The CAM automaton is described in Figure~\ref{fig:cam}. The exit of CAM is autonomous into ACM mode when the manoeuvre or predefined-timing is finished.

\begin{figure}[htb]
	\centering
	\includegraphics[width=.6\textwidth]{figures/{"2-7 Collision Avoidance Mode"}.png}
	\caption{Collision Avoidance Mode.\label{fig:cam}}
\end{figure}

\subsubsection{Orbit Control Mode (OCM)}
In this mode, the orbit is controlled and the mission is suspended. The OCM automaton is shown in Figure~\ref{fig:ocm}.

\begin{figure}[p]
	\centering
	\includegraphics[width=.8\textwidth]{figures/{"2-8 OCM automaton"}.png}
	\caption{Orbit Control Mode.\label{fig:ocm}}
\end{figure}

\subsubsection{Formation Control Mode (FCM)}
FCM is the nominal mode where the formation flying is operational. The FCM automaton with the 3 states is shown in Figure~\ref{fig:fcm}.

\begin{figure}[p]
	\centering
	\includegraphics[width=.9\textwidth]{figures/{"2-9 Formation Control Mode"}.png}
	\caption{Formation Control Mode.\label{fig:fcm}}
\end{figure}


\subsubsection{Equipment}

The model is based on the following assumption:
\begin{itemize}
	\item An equipment can be on, off, or faulty.
	\item An equipment is started by the function that needs it. The reboot has a duration.
	\item An equipment that is not useful in the current modes, is switched off.
	\item The number of redundancies is a parameter defined for each equipment.
	\item Temporary or permanent failures can affect an equipment\footnote{Those failures can be injected by the user.} only when it's running.
	\begin{itemize}
		\item After a temporary failure, the equipment is rebooted automatically.
		\item After a permanent failure, the equipment moves over one of its available redundancies. If no redundancy is available, the state remains faulty.
		\item When an ARO event is triggered, the equipment switches off. It can be switched on without moving to a redundancy by the functions.
	\end{itemize}
\end{itemize}

\begin{figure}[h]
	\centering
	\includegraphics[width=.5\textwidth]{figures/table1.png}
	\caption{Allocation of the equipment on the modes.\label{tab:equip}}
\end{figure}

\begin{figure}[bt]
	\centering
	\includegraphics[width=\textwidth]{figures/{"Equipment mode"}.png}
	\caption{Equipment state machine.\label{fig:equip}}
\end{figure}

Figure~\ref{fig:equip} also displays the state machine of an equipment. The IMU, ColdGasProp, and STR equipment have similar state machines. Equipment which is started from an ``OFF'' state, can only reach an ``ON'' state by passing through a ``Starting'' state. When a failure happens, the equipment makes a transition to state ``Failed''. If the failure is permanent, the equipment goes over the redundant equipment. If failure is temporary, state ``Starting'' can be restored with no further consequences. The allocation of equipment on modes is given by Table in Fig.~\ref{tab:equip}. For example, in our study case, the STR is used in four modes.

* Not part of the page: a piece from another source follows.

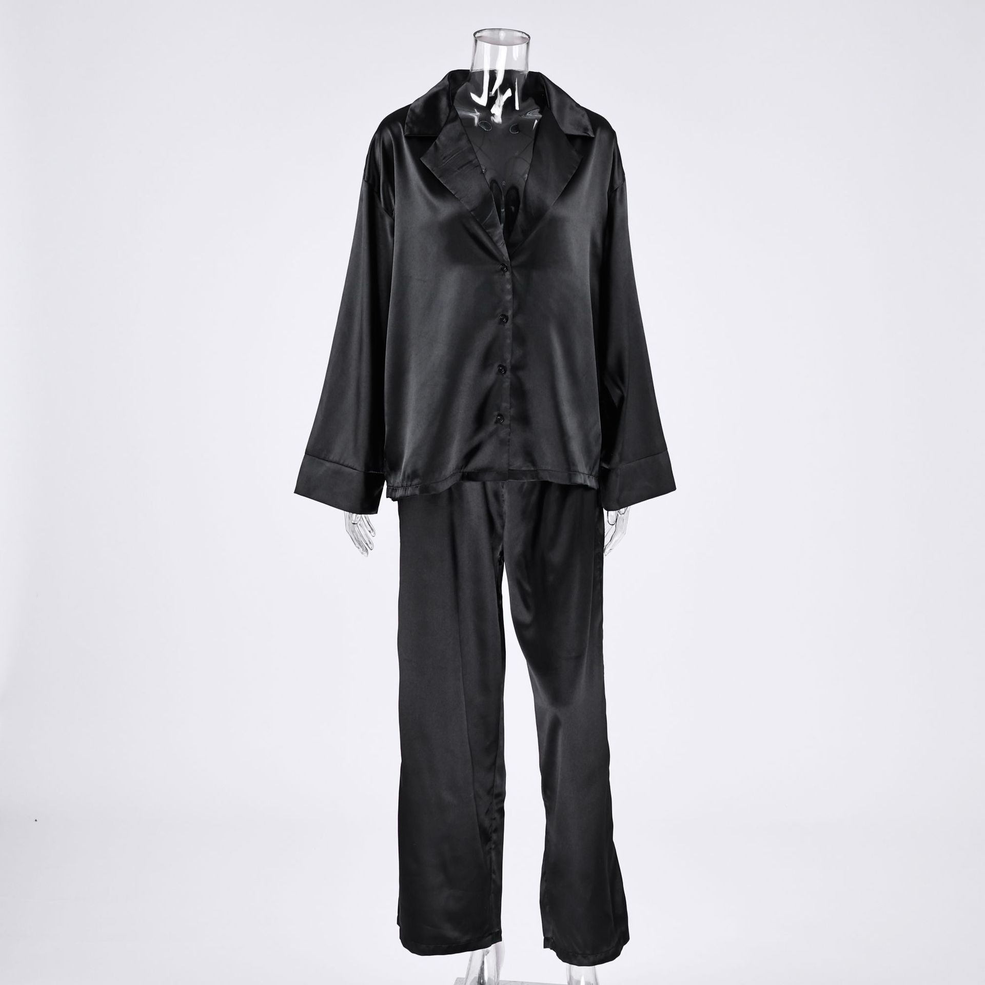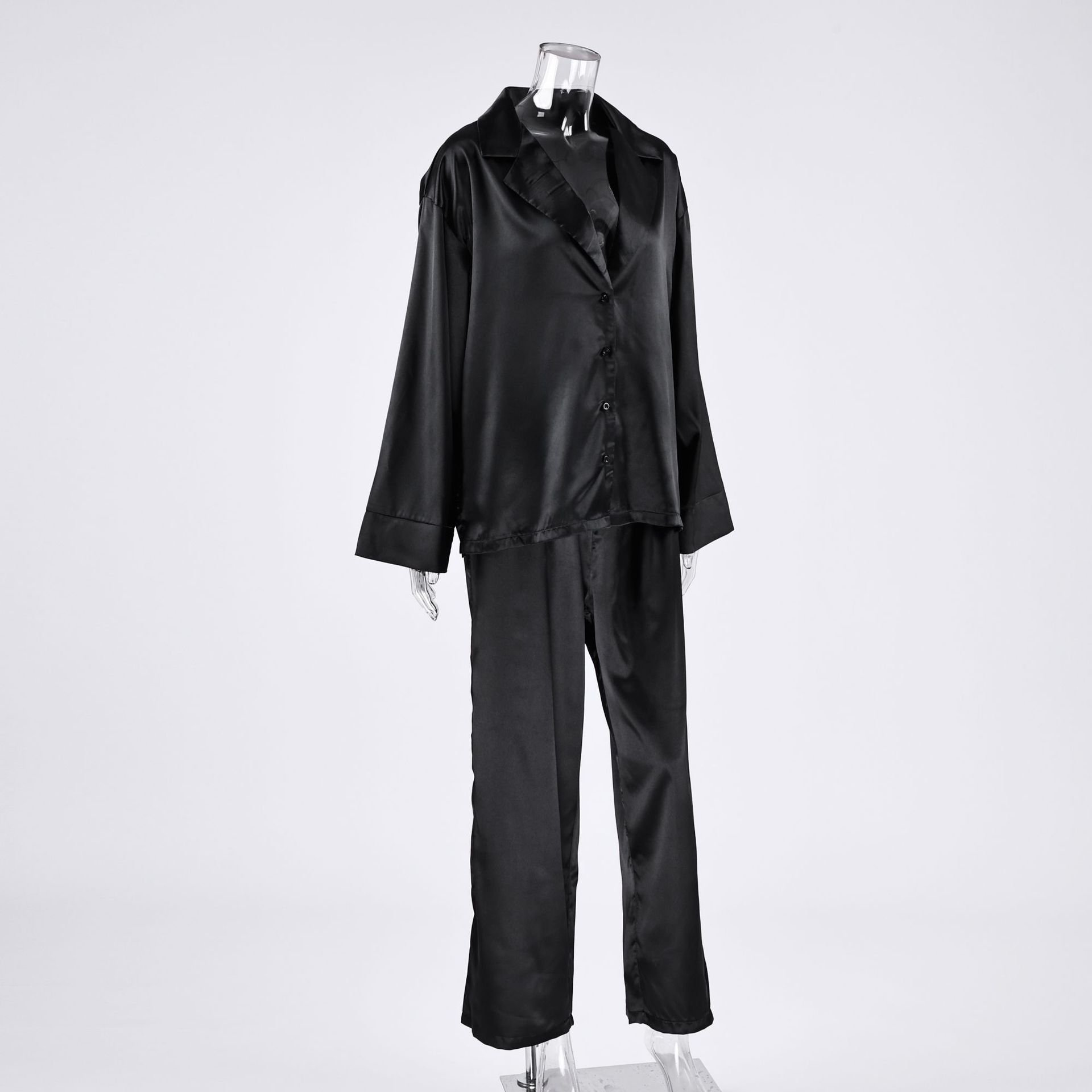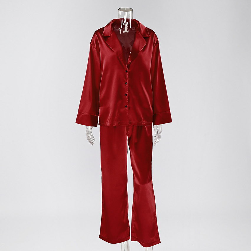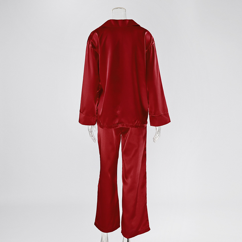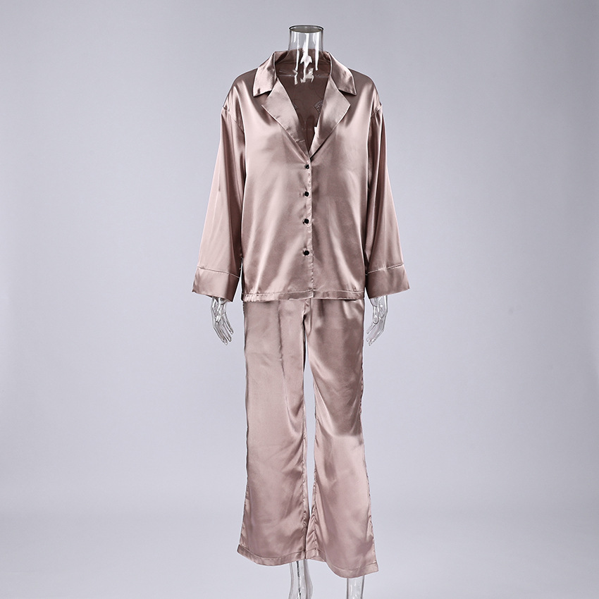 2026 봄 유럽 및 미국 여성 홈웨어 긴팔 세트, 인조 실크 셔츠, 얇은 긴바지, 투피스 잠옷

The AOCS, as all satellite systems, presents an increasing complexity of interactions between functions and other equipment, often raising design and integration issues during the product final testing and verification phases. Correcting these issues often generates a heavy rework and is a well-known cause for cost overruns and project delays. Moreover, the operation of space systems is traditionally informally expressed in design documents as a set of modes representing functions, equipments and monitoring mechanisms. Usually the mode dynamics of all the satellite systems and their interaction with the FDIR functions are validated by review, i.e. exhaustive manual (opposed to automatic) consistence checks and cross-reading. In case of formation flying, complex equipment and instruments are distributed over several spacecrafts. The human validation activities become practically impossible due to the high number of combinations to be analyzed. Powerful computer-aided analysis techniques are expected to help overcoming this issue.

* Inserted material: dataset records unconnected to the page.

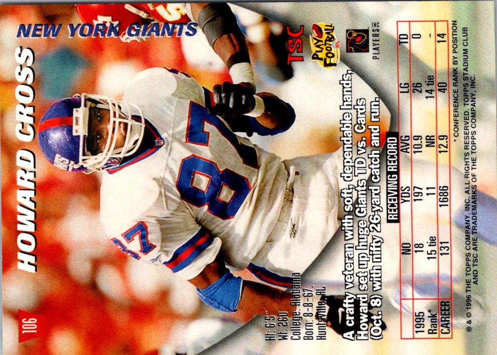 This 1996 Stadium Club Members Only Howard Cross card is a must-have for any New York Giants fan! Featuring a glossy finish and vibrant colors, this card is sure to stand out in any collection. As a Members Only card, it includes exclusive perks and benefits, making it an even more valuable addition to your memorabilia. Add a piece of NFL history to your collection today!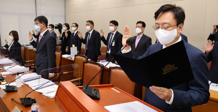 ▲ 조규홍 보건복지부 장관이 5일 국회 보건복지위원회에서 열린 보건복지부·질병관리청에 대한 국정감사에서 선서하고 있다. 2022.10.5 [국회사진기자단]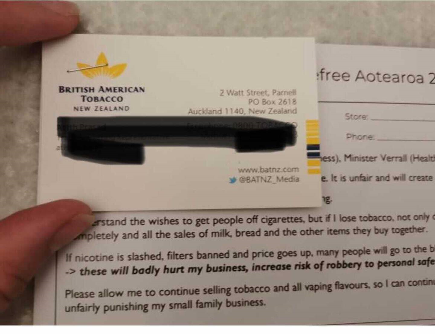 The British American Tobacco employee whose business card was attached to the postcards that were sent to dairy owners declined to comment when contacted by the Herald.

FDIR functions validation is particularly difficult, especially with ``traditional approaches'' because of the large number of interactions and not nominal situations, which increases the difficulty in analysing them. A large variety of points of view is necessary to fully analyse the behaviour of FDIR and its impact on dependability properties, including to be complete an explicit representation of the entities handled by FDIR: architecture, faults, time, etc.

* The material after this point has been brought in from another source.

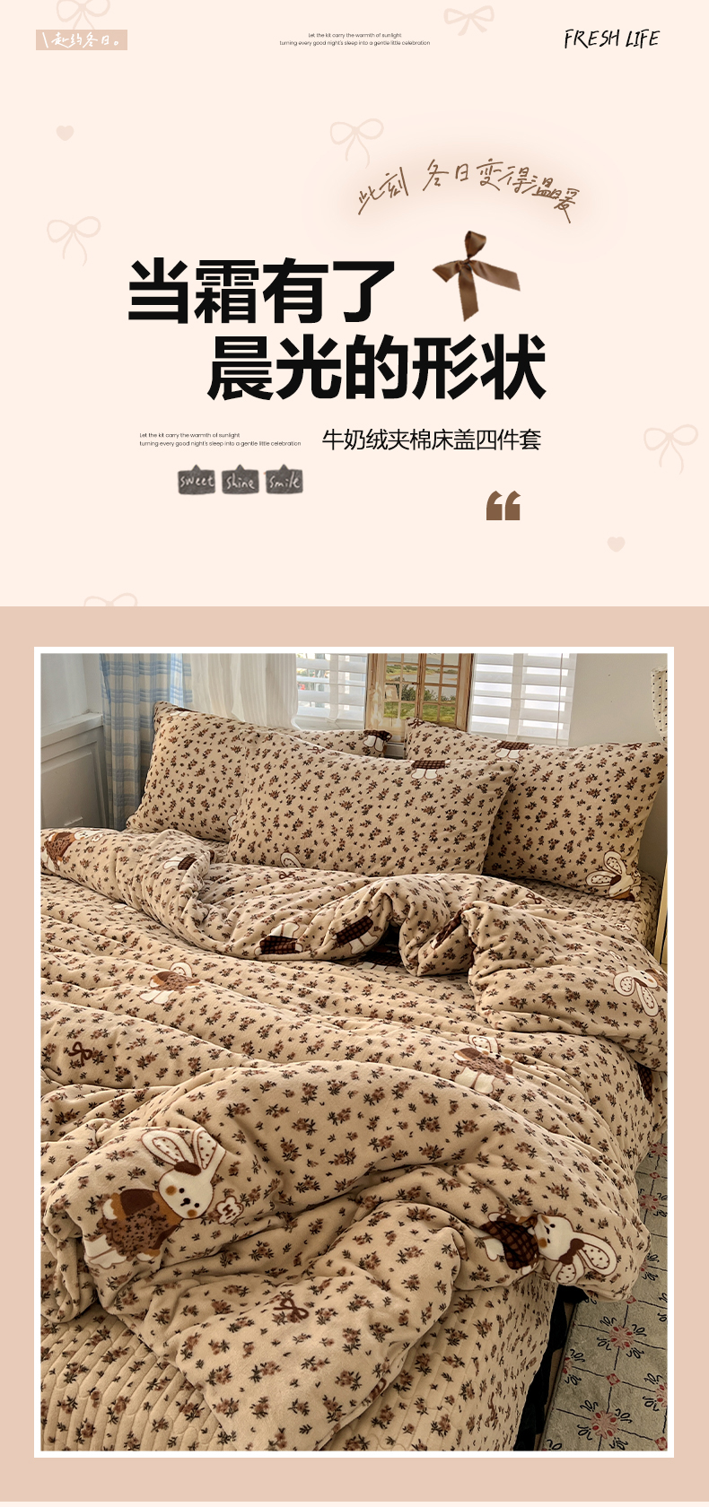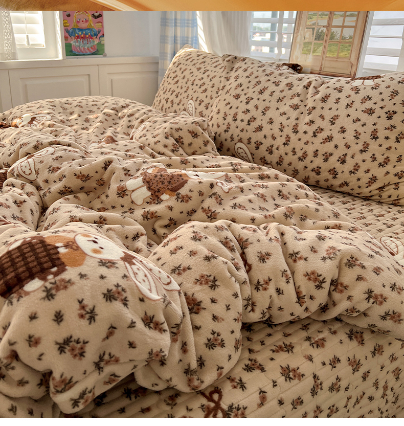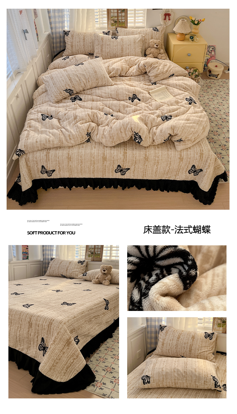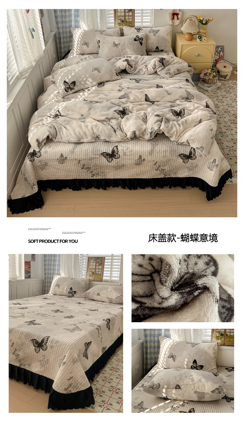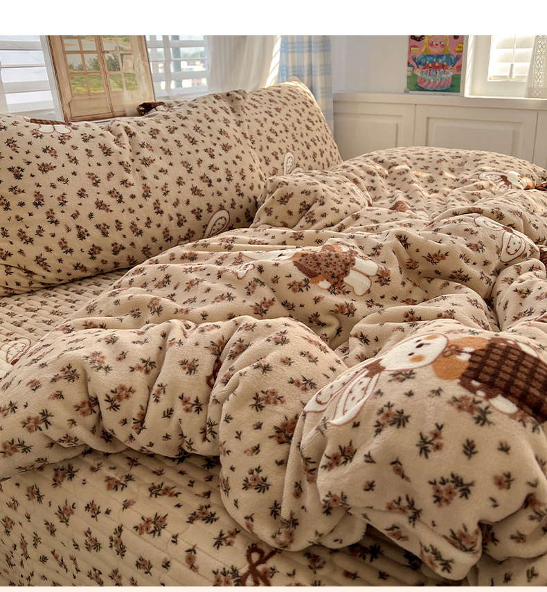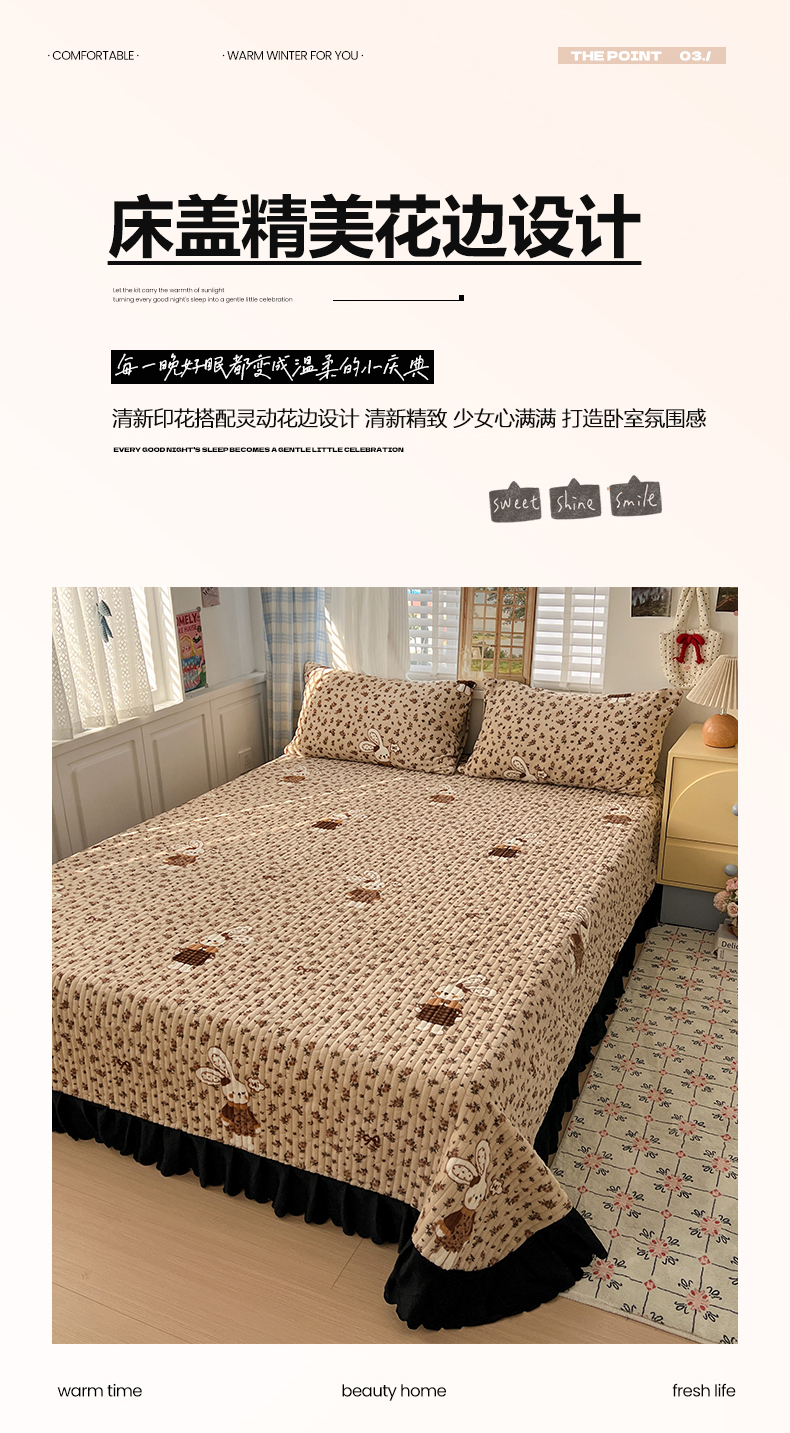 当前位置: 91家纺网 > 商品网购 > 床品套件 > 四件套 > 牛奶绒四件套 > 鑫利来家纺 2025新款牛奶绒加厚印花法式赫本风花边床盖四件套 床盖款-乖乖兔

We believe that formalizing and validating the specifications through animation/simulation and model-checking has several strong advantages. On the one hand, modelling during the specification phase forces the designer to formalise and clarify the specifications. Animation/simulation is useful for validating the model against the specifications and for identifying behaviour inconsistencies based on relevant user-defined scenarios. Such inconsistencies are difficult to identify in a classical purely paper-based specification process. Last, formal verification proves that none of the possible execution scenarios violates the system properties. Such approaches are useful not only for validating an architecture or FDIR strategy once defined, but also for tuning its parameters during the definition phase.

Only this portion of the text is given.